The venerable publisher of Time magazine will soon stand on its own as a publicly traded magazine company, away from parent company Time Warner, which will focus purely on entertainment and television. Only hours after Time Inc CEO Laura Lang gave rise to media rumors by pulling out of speaking engagements at several prominent events, the parent company announced that within the year it would spin out Time Inc and replace Lang with a successor who has not yet been named. She will stay through the transition, the company said. She has been in the post for just under a year, while her predecessor lasted half that time.

In a memo to staff, Lang, calling the news "something that people are just beginning to digest", wrote: "After considerable thought, I have decided that taking the company through a transition to the public markets is not where my passion lies."

The mystique of the Time editorship remains, even as executives cycle through the role. On Twitter, Belinda Luscombe, a Time editor-at-large, observed of the Time Inc CEO job, "a colleague remarked that job is like the Professor of Dark Arts of the publishing world".

The moves will leave the company's magazine division – including 21 titles – to fend for itself under a new CEO in challenging times for print publications. Many major Time titles have seen declining ad pages and drops in circulation, reflecting wider industry trends. Rival Newsweek shuttered its print edition in December.

While Time Warner had signaled last month that it wanted to separate Time Inc, the spinoff into a separate, publicly held company was a surprise. Previously, Time was thought to be in merger talks with another magazine company, Meredith, about merging at least some of their magazines into a new publicly traded company. Time Inc's magazines include Time, Sports Illustrated, People, InStyle, Fortune and Money. Meredith, which publishes Ladies Home Journal and Better Homes & Gardens, has 18 magazines under its umbrella.

Time Warner CEO Jeff Bewkes explained the spinoff will allow the larger company to "focus entirely on our television networks and film and TV production businesses, and improves our growth profile". He also said it will allow Time Inc to attract "a more natural stockholder base", which could mean luring investors who want to invest purely in news and publications rather than the wider world of entertainment.
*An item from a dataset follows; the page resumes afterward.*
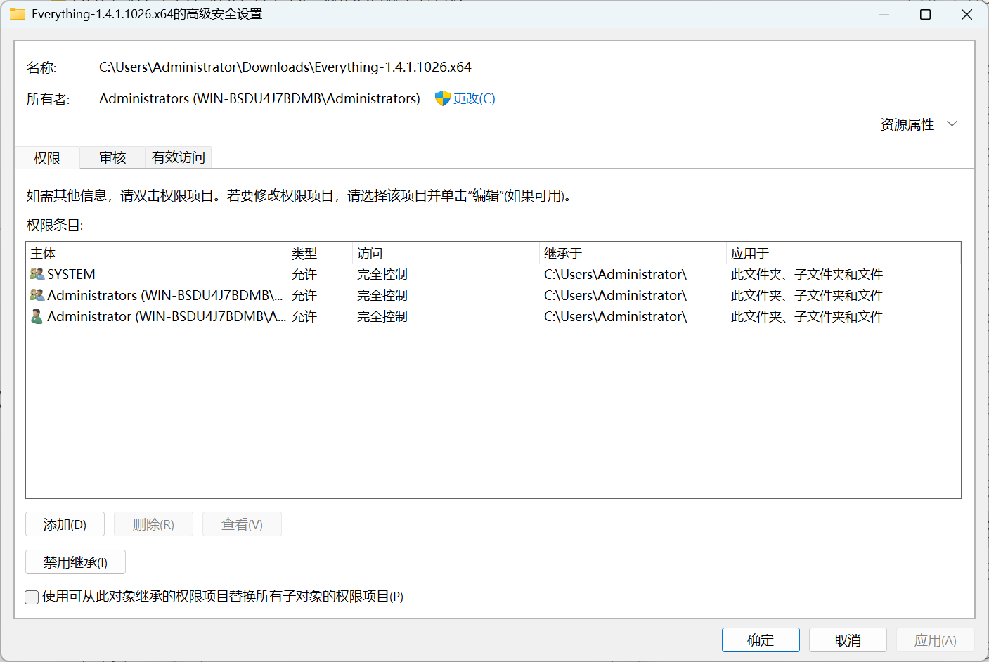 - 功能:Windows 允许资源的权限继承,从父对象继承到子对象。这种机制通常用于文件夹和文件系统的访问控制。继承可以确保一致性,简化权限管理。

Time Warner has previously separated other divisions, including AOL and Time Warner Cable.

Time Inc CEO Laura Lang pulled out of multiple industry events over recent weeks, which the company attributed to speculation about the future of the magazine division.

The move by Time follows other decisions by media companies to make their publications into standalone companies. News Corp is splitting into two divisions. That will create an entertainment unit, Fox Group, and a publishing division that is the "new" News Corp, headed by CEO Robert Thomson, and which will include the Wall Street Journal and other publications. The shares of both companies will be controlled by Rupert Murdoch. The publishing division posted a $2bn net loss in the last fiscal year.